When Josh and I moved into our house three years ago, it was after it had been a rental property for several years. I’m sure at some point, all the rooms had custom shades and the wood floors weren’t scraped up and everything was wonderful. And the house is still in pretty great shape, but we do have issues. And one of those issues is missing blinds.
Our master suite faces the street. Our window — and all the ones the same size — are missing their custom blinds. Our first day in the house, we taped wrapping paper over our bedroom window, and it stayed for three years. I came up with a plan to sew custom roman shades for all the windows in the room. However, I procrastinated. My sewing machine had some issues, plus it seemed like such a daunting project (and all that cutting!) that I just never really did much with it. However, I want the custom blind from the one window in our room that has one for the window in the baby’s room. So, I got to work.
Here are my two completed and hung fabric shades. There’s still one more to hang (it’s a really long window) and we haven’t figured out a good solution yet.
A quick run-down of how I made these:
1. I measured each window several times on the interior of the window frame. I wanted these panels mounted and sitting on the inside of the windows. It’s a clean look that I really wanted for our bedroom (rather than hanging curtains collecting dust on the bottoms).
2. I used a 40% off coupon at JoAnn Fabrics to purchase black out lining. It’s a bit pricey, which is why I used — and recommend using — a coupon, but it’s so worth it. Our bedroom is SO dark, which is wonderful for blocking out city lights and the motion lights between our house and the neighbors’.
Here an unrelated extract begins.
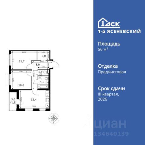 Прямая продажа от застройщика! Жилой Комплекс класса Комфорт Плюс. Продаётся 2-к квартира номер 116 общей площадью 54.8 кв.м. на 13-м этаже 16 этажного здания. Предчистовая отделка. Цена с учётом скидки. Особенности квартиры: - Квартиры рядом с метро - м. Корниловская 9 мин пешком - 63 га лесопарка за окнами - Школа c ИТ-кластером и бассейном. 2 детских сада - Организуем показ в удобное для вас время! - Просторная спальня, в которой можно разместить большую кровать. - Линейная планировка - максимальная функциональность и удобство. - Увеличенная ширина окна/окон - больше света и визуального простора. - Раздельный санузел - больше удобства для всех членов семьи. - Гардеробная - удобство для хранения и организации вещей. - Лоджия - уютное место для отдыха и тишины. Квартира с предчистовой отделкой. Вам не придется заниматься черновыми и трудоёмкими работы, а чистовую отделку и дизайн - сделайте на свой вкус. Информация о комплексе: ЖК "1-й Ясеневский": преимущества городской инфраструктуры и природы. Пешая доступность к метро, школе с бассейном и ИТ-кластеру, а также 63 га Троицкого лесопарка под окнами. Закрытая территория с бульварами, велодорожками, кафе и дворами без машин. Фруктовые деревья и городские сады создают уникальную атмосферу. Всего в 1 км от МКАД - идеальный баланс для современной жизни. Транспортная доступность: До метро "Корниловская" - 12 минут пешком До метро "Тютчевская" - 25 минут пешком До метро "Теплый стан" - 10 минут на транспорте До метро "Ольховая" - 30 минут на общественном транспорте Личный автотранспорт: Выезд на Калужское шоссе - 500 м МКАД - 1 км Внутренняя инфраструктура: ЖК "1-й Ясеневский" - идеальное место для семей с детьми. Рядом Троицкий лесопарк для прогулок, а во дворах - современные детские площадки, разработанные с участием психологов. В шаговой доступности два детских сада и школа на 1100 мест с ИТ-кластером, бассейном и классами робототехники. Всё для счастливого детства и успешного будущего. Квартира с предчистовой отделкой - ваш дизайн без черновых работ

3. I cut the lining to precisely the windows’ measurements, and left a 2-inch selvage on the fabric on the sides and bottom and several inches on top (to sew the sleeve the rods go through). The side and bottom selvage allowed me to fold the fabric over to create a neat border with the fabric’s rough edges hidden.
4. I pinned the fabric and the lining at the sides and bottom first, but the first line I sewed on each panel was to secure the top edge of the black-out lining to the fabric. In some cases, this actually meant some adjustments to the sides, but if you attempt a similar project, it’ll be obvious that you’ll need to do this and it just involves redoing one side of the panel.
5. I used this tutorial‘s method for corners. My sewing isn’t as precise and matched up and wonderful, but my corners aren’t bulky and everything looks nice.